On Fri, Jun 5, 2009 at 10:13 PM, Robert Rohde<rarohde(a)gmail.com> wrote:
On Fri, Jun 5, 2009 at 6:38 PM, Tim
Starling<tstarling(a)wikimedia.org> wrote:
Peter Gervai wrote:
Is there a possibility to write a code which
process raw squid data?
Who do I have to bribe? :-/
Yes it's possible. You just need to write a script that accepts a log
stream on stdin and builds the aggregate data from it. If you want
access to IP addresses, it needs to run on our own servers with only
anonymised data being passed on to the public.
http://wikitech.wikimedia.org/view/Squid_logging
http://wikitech.wikimedia.org/view/Squid_log_format
How much of that is really considered private? IP addresses
obviously, anything else?
I'm wondering if a cheap and dirty solution (at least for the low
traffic wikis) might be to write a script that simply scrubs the
private information and makes the rest available for whatever
applications people might want.
There is a lot of private data in user agents ("MSIE 4.123; WINNT 4.0;
bouncing_ferret_toolbar_1.23 drunken_monkey_downloader_2.34" may be
uniquely identifying).
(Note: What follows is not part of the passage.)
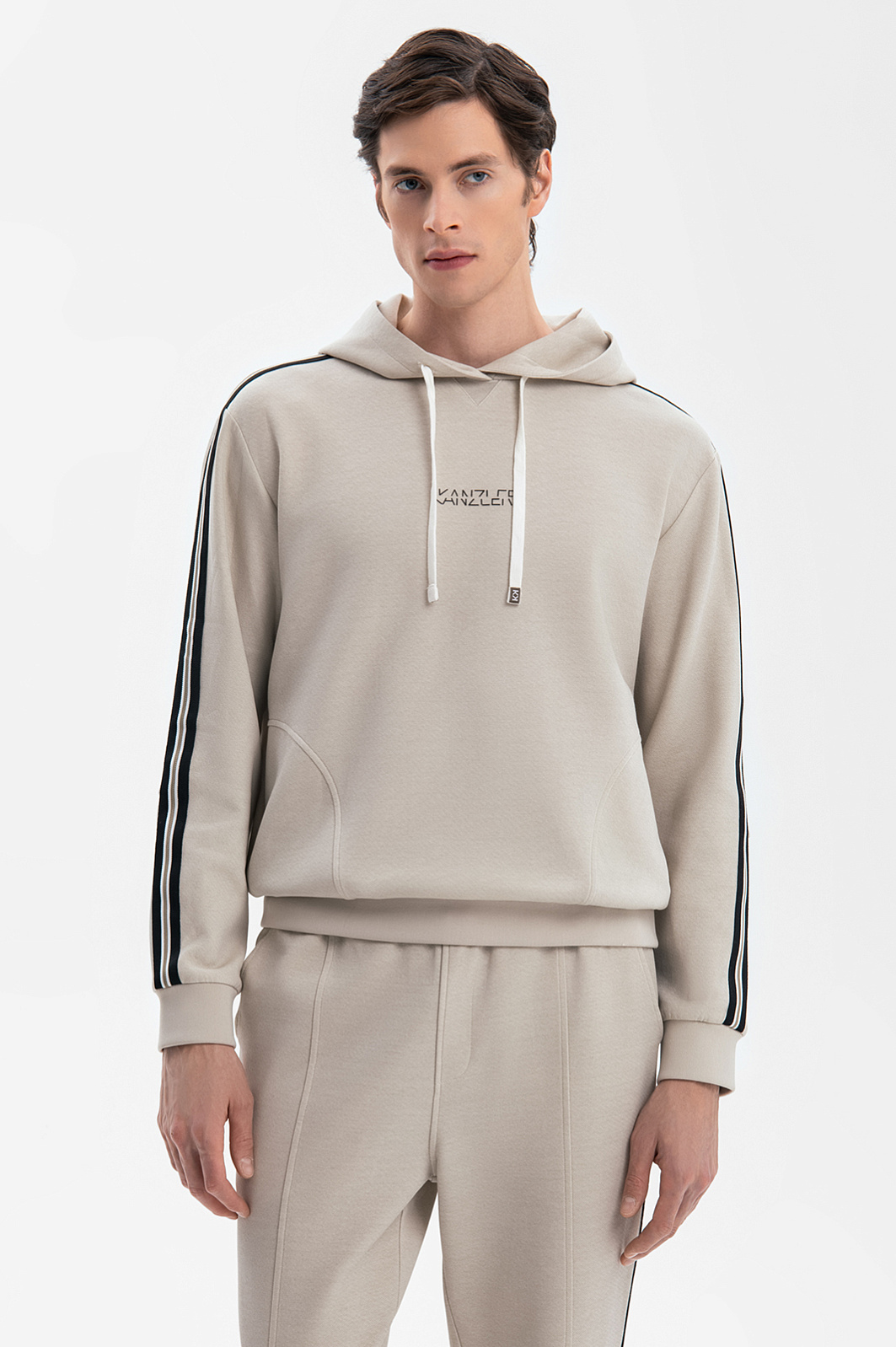 Свободная бежевая толстовка KANZLER – идеальный спутник для городских приключений, прогулок на природе и тренировок. Универсальная модель создана из прочного фактурного материала. Натуральный хлопок в составе гарантирует мягкость и дышащие свойства, полиэстер позволяет изделию сохранять форму после многократных стирок и бережет от износа, а небольшое добавление эластана обеспечивает идеальную посадку и свободу движения. Капюшон на кулиске и резинка на манжетах и по низу изделия защищают от ветра. Боковые карманы удобны для мелочей и согревают руки в прохладную погоду. Лампасы на рукавах добавляют образу спортивную динамику и визуально удлиняют силуэт. Бежевый оттенок, нейтральный и утонченный, – универсальная база для любого образа – от спортивного до кежуал шик. Параметры модели: рост 189, 91-78-95 Размер на модели: М

There is even private data titles if you don't
sanitize carefully
(/wiki/search?lookup=From%20rarohde%20To%20Gmaxwell%20OMG%20secret%20stuff%20lemme%20accidently%20paste%20it%20into%20the%20search%20box).
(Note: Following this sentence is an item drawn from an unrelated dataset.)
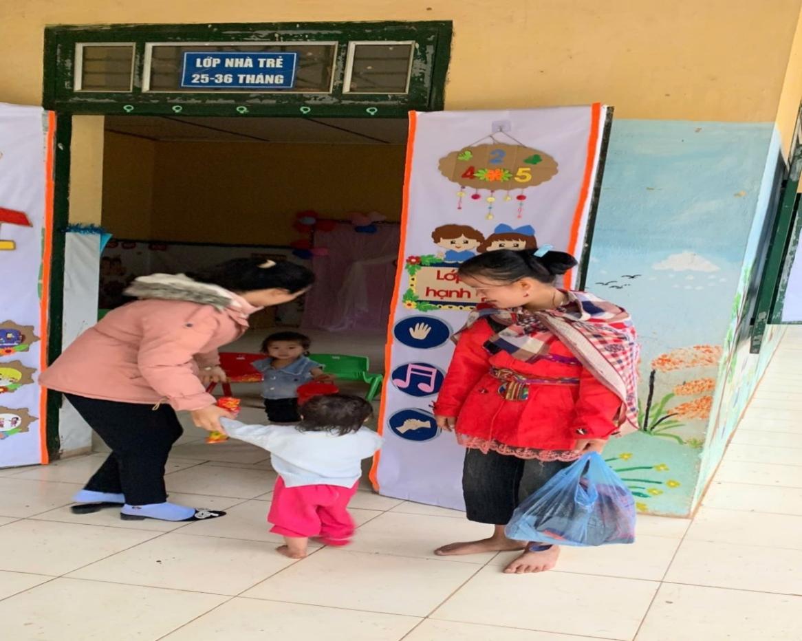 Dưới đây là một số hình ảnh trong hoạt động học tập, vui chơi, rèn nề nếp trong một ngày khi các bé đến nhóm trẻ 25-36 bản Hua Sin mà cô và các con cùng thực hiện

There is private data in referrers
(
http://rarohde.com/url_that_only_rarohde_would_have_comefrom).
Things which individually do not appear to disclose anything private
can disclose private things (look at the people uniquely identified by
AOL's 'anonymized' search data).
On the flip side, aggregation can take private things (i.e.
useragents; IP info; referrers) and convert it to non-private data:
Top user agents; top referrers; highest traffic ASNs... but becomes
potentially revealing if not done carefully: The 'top' network and
user agent info for a single obscure article in a short time window
may be information from only one or two users, not really an
aggregation.
Things like common paths through the site should be safe so long as
they are not provided with too much temporal resolution, limit
themselves to existing articles, and limit themselves to either really
common paths or breaking paths into two or three node chains and skip
releasing the least common of those.
Generally when dealing with private data you must approach it with the
same attitude that a C coder must take to avoid buffer overflows.
Treat all data as hostile, assume all actions are potentially
dangerous. Try to figure out how to break it, and think deviously.